My physio is one of my heroes. I suffer from a condition called Symphysis Pubis Dysfunction and started seeing him almost exactly eleven years ago. The condition started during my second pregnancy and rendered me unable to walk.
I was told it would get better after the birth, but it didn't..
then after I stopped breastfeeding, but it didn't...
then after my son was a year old..
but it didn't!
I was seeing physios on the NHS, but it wasn't improving.. and then I heard that there was a physio who could help, and so I spent money I seriously didn't have to go and see him. It was worth every penny a hundred times over.
Not only is he a miracle worker, he is a really good guy. He is candid, honest, caring, wise, respectful and fun.

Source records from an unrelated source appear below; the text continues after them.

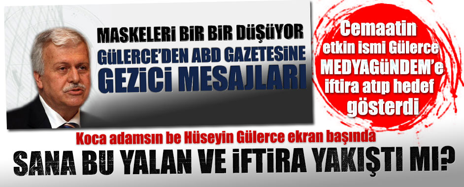 MEDYAGUNDEM.COM- Dün tüm internet sitelerinde bir haber yer aldı. Haber, cemaatin etkin isimlerinden Hüseyin Gülerce’nin ABD’deki New York Times gazetesine yaptığı açıklamalardı. Her sitede olan haber MEDYAGÜNDEM’de de aynen yer aldı. MEDYAGÜNDEM haberi manşetine “Maskeler bir bir düşüyor, Gülerce’den ABD gazetesine Gezici mesajlar” başlığıyla çekti. Hüseyin Gülerce bu haberimiz üzerinden …
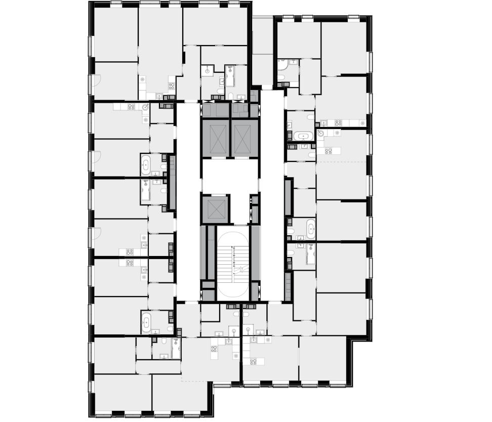• Трехуровневая структура, где на верхнем ярусе вы увидите геометрические эркеры с панорамным остеклением, на среднем уровне расположены квартиры с окнами на 1-2 стороны, а на нижнем отделка австрийским клинкерным кирпичом.
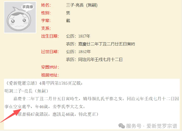 《爱新觉罗宗谱》第四册(甲四)明调三子亮长条记载:“无嗣,嘉庆廿二年丁丑二月廿五日寅时生,嫡母颜扎氏平泰之女。同治元年壬戌七月十二日因事在空室处卒,年46岁,妾李氏李大之女。”其中“因事在空室处卒”的表述,在爱新觉罗宗谱校对过程中属首次发现,引发了学界与宗谱研究者的多重解读。
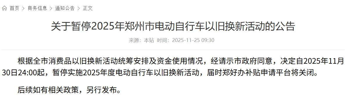 11月26日消息,鄭州市商務(wù)局發(fā)布公告稱,根據(jù)全市消費(fèi)品以舊換新活動(dòng)統(tǒng)籌安排及資金使用情況,經(jīng)請(qǐng)示市政府同意,決定自2025年11月30日24:00起,暫停實(shí)施2025年度電動(dòng)自行車以
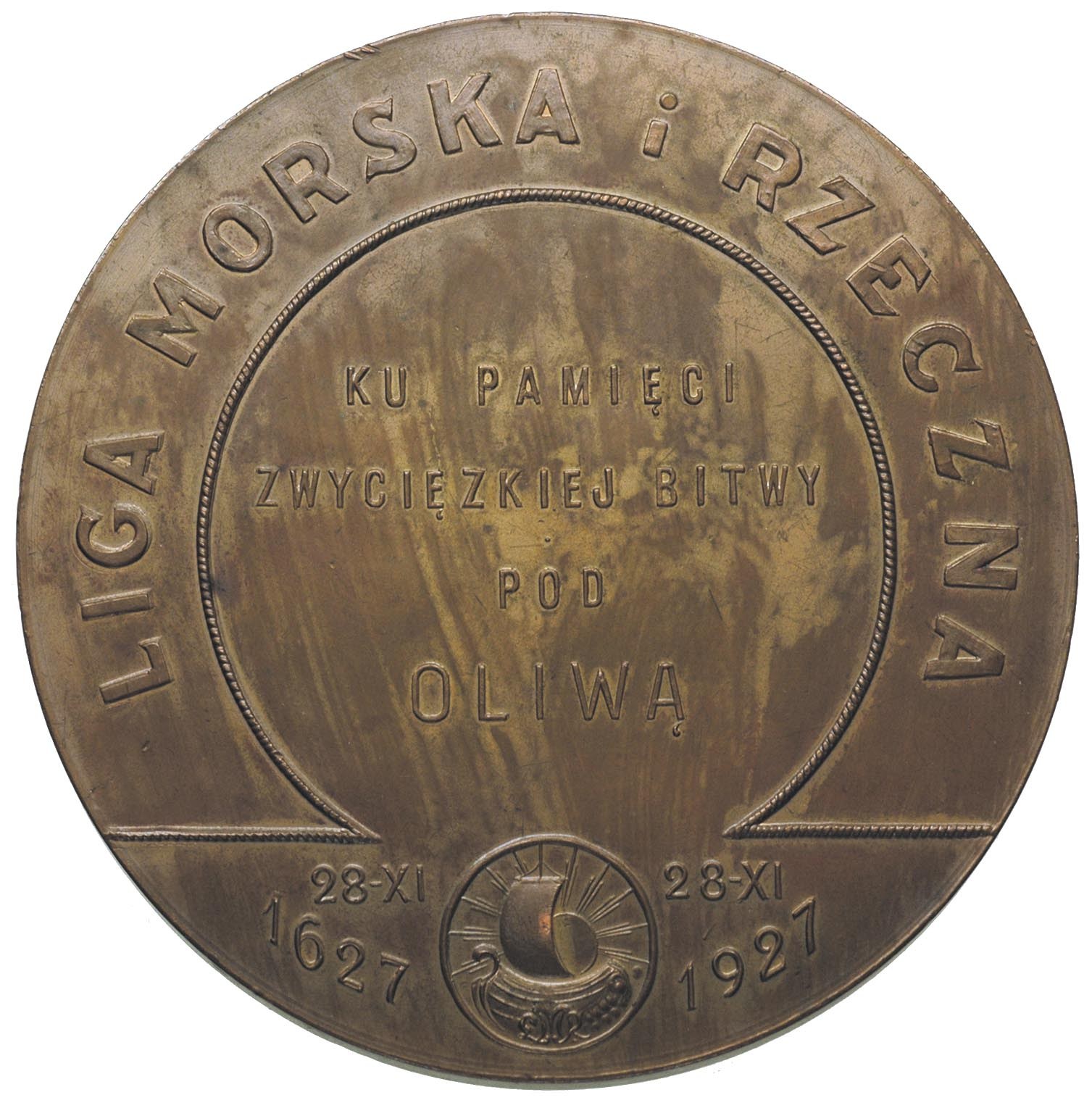 POLSKA, 300-lecie Bitwy pod Oliwą- medal autorstwa Stefana Ślezaka 1927 r., Aw: W otoku napis LIGA MORSKA I RZECZNA, poziomo KU PAMIĘCI ZWYCIĘZKIEJ BITWY POD OLIWĄ 28.XI.1627 - 28.XI.1927, Rw: Dwa walczące żaglowce, brąz 329.78 g, 94 mm, Strzałkowski 576 RR, rzadki
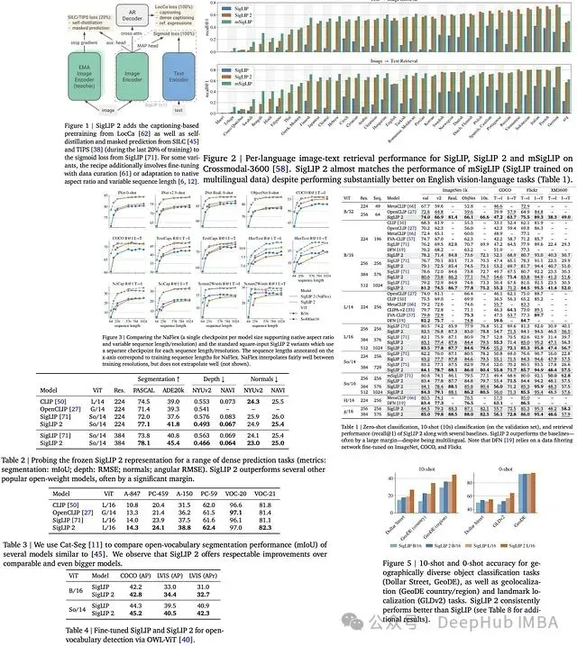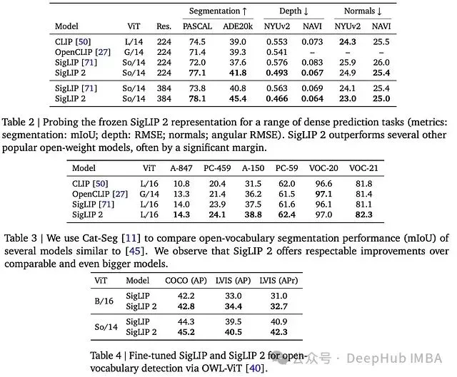 - 在开放词汇分割任务上,SigLIP 2 超越了 SigLIP 甚至规格更大的 OpenCLIP G/14 模型。

I see him about once every six months these days, and for me it is like seeing a Spiritual Director.
We talk about the church, society, morality, spirituality, and he bends my ear about where the church is getting it right or wrong. Is he a Christian? - no. Will he ever go to church? - no way! I found out why very soon into our friendship:
When he was eighteen, he married his seventeen year-old girlfriend. They thought it was a good idea. It wasn't. They parted on good terms and were divorced within the year.
Some years later, he fell in love and wanted to marry his sweetheart.. in church... It was important to his wife-to-be, I think they were both reasonably spiritual, and she had always dreamed of marrying in her village church.

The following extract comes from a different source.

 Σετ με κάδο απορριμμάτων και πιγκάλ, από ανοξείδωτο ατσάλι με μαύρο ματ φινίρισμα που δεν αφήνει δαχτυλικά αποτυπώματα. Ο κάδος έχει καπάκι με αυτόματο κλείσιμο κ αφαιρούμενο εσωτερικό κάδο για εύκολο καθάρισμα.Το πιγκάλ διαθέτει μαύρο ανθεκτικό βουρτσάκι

Well you can guess what happened.
The answer was no.
He was hurt.
Angry.
He felt like he was being told he was no good.
He had committed the unforgivable sin.
He was a second-class husband.
When my physio told me this story, the anger and pain raged in his eyes, which was shocking really, because he is such a warm and happy man, with twinkly, shiny, mischievous eyes. It was also shocking because the event had happened over twenty-five years earlier.

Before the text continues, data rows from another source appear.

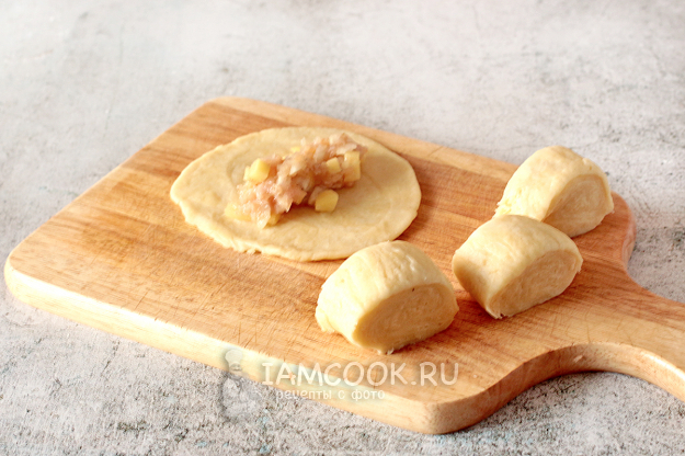 Сделайте из теста толстый жгут и нарежьте на кусочки. Каждый кусочек теста раскатайте в лепешку. В центр выложите мясную начинку.
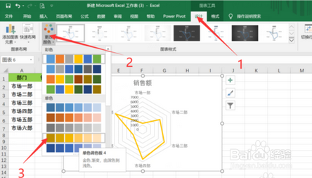 在【设计】选项卡中【图表样式上栏】中选择一个合适的图表模式
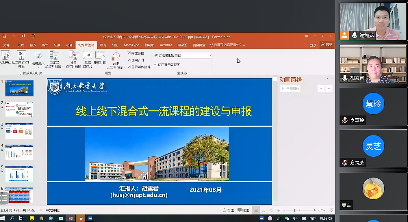为进一步推动我校一流本科课程申报及建设工作,8月25日,教务处特邀国家级一流课程负责人南京邮电大学胡素君教授通过腾讯会议在线为我校教师作“线上线下混合式一流课程的建设与申报”专题培训,各二级学院副院长、申报一流本科课程项目负责人及其课程团队和其他感兴趣的教师在线参会,会议由教务处副处长谢如龙主持。
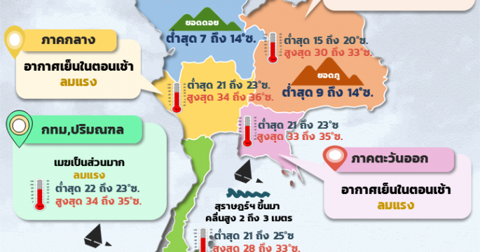 กรมอุตุฯ เผยภาคเหนือ ภาคตะวันออกเฉียงเหนือ ภาคกลาง และภาคตะวันออก ยังคงมีอากาศเย็นถึงหนาวในตอนเช้ากับมีลมแรง ภาคใต้มีฝนลดลง อ่าวไทยคลื่นสูง
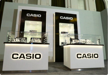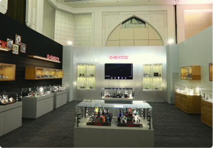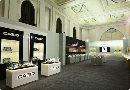 A contemporary event in Dubai, crafted to highlight precision and durability. Custom display units and illuminated vitrines are seamlessly integrated within a clean architectural framework.

So I wanted to ask him whether he could find it in his heart to forgive the church. But I didn't, because I knew he would respond by saying that the church refused to forgive him, so why should he forgive them?
I guess this story is not unique.
I was reminded of my Physio yesterday. I was writing the Order of Service for our wedding and was anxious to get it right, dot all the 't's and cross all the 'i's.... oops - that isn't right is it?
Anyway.
I was on the internet trying to find out what we must do, who we must speak to, as divorcees, where the Winchester Report might be found and what it says (the report that allows divorcees to be married in church).
In my Googling, I got more and more depressed. It sapped all my joy. The church appeared to be begrudging, small-minded, judgemental and generally miserable. Furthermore, psychologists will tell you that it is pointless and naive attributing blame... marriage breakdown is complex and simple stories of blame are to be treated with suspicion. But it feels that the church does blame, so either they didn't do that sort of research or thought it was irrelevant. In the reports, divorcees appeared to be thought of as second class, woefully negligent and broadly an unwelcome embarrassment.
Blimey.
Nothing like feeling loved, accepted and forgiven.
And the reports of the Church seemed to be nothing like those things.
I understand the hurt of my physio so much more now.
I have picked up a bit since surfing the net, but I feel like there is a disapproving shadow that the church casts, and it is painful. It really does hurt. The truth is that most Vicars are much more caring, loving and forgiving than the reports suggest... but there again, I guess it can be a bit of a lottery.
Of course, if you murder your ex-partner, serve your time and say sorry you can remarry in the Catholic Church or any Church of England church, I believe.
Murder is forgivable... for some it seems that divorce is not.